The Redux documentation (https://redux.js.org/usage/structuring-reducers/normalizing-state-shape) recommends to avoid nested data and to normalize and flatten it instead. But I wonder if it really is a good idea to flatten the state in the case of nested one-to-many relationships.
Let's say I want to model a collection of books, where each books has a certain number of pages, and each page has a certain number of sentences. Every sentence is in only one page and every page is in only one book. From what I understand, the Redux docs suggest the following normalized flat structure. Note that pages and sentences need ids that are globally unique.
state = {
books: {
allIds: ["book1", "book2"],
byId: {
"book1": {
/*name: "First book",*/
pages: ["page1", "page2"],
},
"book2": {/*...*/},
},
},
pages: {
byId: {
"page1": {
/*pageNumber: "1",*/
sentences: ["sentence1", "sentence2"]
},
"page2": {/*...*/},
}
},
sentences: {
byId: {
"sentence1": {
/*contents: "First sentence"*/
},
"sentence2": {/*...*/},
}
},
};
But in practice I found that this representation makes it very difficult to do certain operations. For instance (deep) cloning a book requires coming up with a whole lot of new unique ids (for the cloned book, all the cloned pages, and all the cloned sentences), but I have no idea where I can generate them: the reducer is not allowed to generate random ids, and the action creator only has access to the book id so it doesn’t know how many random ids need to be generated.

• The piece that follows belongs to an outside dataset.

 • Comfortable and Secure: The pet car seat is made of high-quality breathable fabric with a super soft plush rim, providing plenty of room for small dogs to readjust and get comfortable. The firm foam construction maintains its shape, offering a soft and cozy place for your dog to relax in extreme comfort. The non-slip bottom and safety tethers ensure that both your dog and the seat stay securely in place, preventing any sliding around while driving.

On the other hand, in the representation below where we nest the {allIds, byId}
objects, cloning books is very easy: you just need to come up with one new id for the new book and then do a regular deep clone. Note that the ids are now only required to be locally unique.
state.books = {
allIds: ["book1", "book2"],
byId: {
"book1": {
/*name: "First book",*/
pages: {
allIds: ["page1", "page2"],
byId: {
"page1": {
/*pageNumber: "1",*/
sentences: {
allIds: ["sentence1", "sentence2"],
byId: {
"sentence1": {
/*contents: "First sentence"*/
},
"sentence2": {/*...*/},
}
}
},
"page2": {/*...*/},
}
}
},
"book2": {/*...*/}
}
};
This nested representation also seems to avoid every single pitfall mentioned in the Redux docs:
When a piece of data is duplicated in several places, it becomes harder to make sure that it is updated appropriately.

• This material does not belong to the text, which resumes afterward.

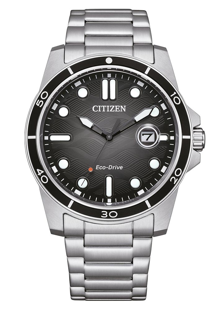 Citizen Marine má třídu těsnosti 100 m. Odolná konstrukce a pevné materiály použité k výrobě tohoto modelu dělají hodinky připravené čelit i těm nejtěžším výzvám ve vodním prostředí. Jednou z nejpůsobivějších vlastností těchto hodinek je jejich perfektně čitelný ciferník, v intenzivním odstínu černé s jemným motivem vln. Čiré ručky a indexy potažené luminiscenční látkou zaručují vynikající viditelnost jak pod vodou, tak za zhoršených světelných podmínek. Toto speciální řešení umožňuje uživateli snadno odečítat čas i v těch nejnáročnějších situacích.

- Not relevant for one-to-many relationships as data is not duplicated to begin with.
Nested data means that the corresponding reducer logic has to be more nested and therefore more complex. In particular, trying to update a deeply nested field can become very ugly very fast.
- Well, no, using Immer (included by default in Redux Toolkit) updating a deeply nested field is super easy. Even without Immer, it’s not that complicated. On the other hand, the flat representation makes a lot of other things way more complex (in particular cloning a book which seems incredibly complicated to me, but also adding or removing pages). Yes, in order to access a sentence the sentenceId is not enough, you now also need to give the pageId and the bookId, but that’s just two more arguments to a bunch of function calls.
Since immutable data updates require all ancestors in the state tree to be copied and updated as well, and new object references will cause connected UI components to re-render, an update to a deeply nested data object could force totally unrelated UI components to re-render even if the data they're displaying hasn't actually changed.
- Doesn’t seem to be an issue either, as long as you don’t select the whole
state.books.byId[bookId]
object. If you only selectstate.books.byId[bookId].name
andstate.books.byId[bookId].pages.allIds
, then you have all the information you need, and changing a page or a sentence won’t make the book component rerender. It seems just as efficient as the flat version. I guess there is slightly more boilerplate, especially if you need to select many other fields, but it shouldn’t be too hard to manage.
In summary, I think that turning an array of books/pages/sentences into an {allIds, byId}
object and having every book/page/sentence component select its own data is definitely a good idea, but I really don’t see the point of going one step further and flattening out everything. Keeping the data nested seems significantly easier to work with and doesn’t seem to have any real drawbacks.
So I guess my question is:
Am I missing something? Is there something else I would gain by flattening my state, which would make it worth figuring out how to clone a book?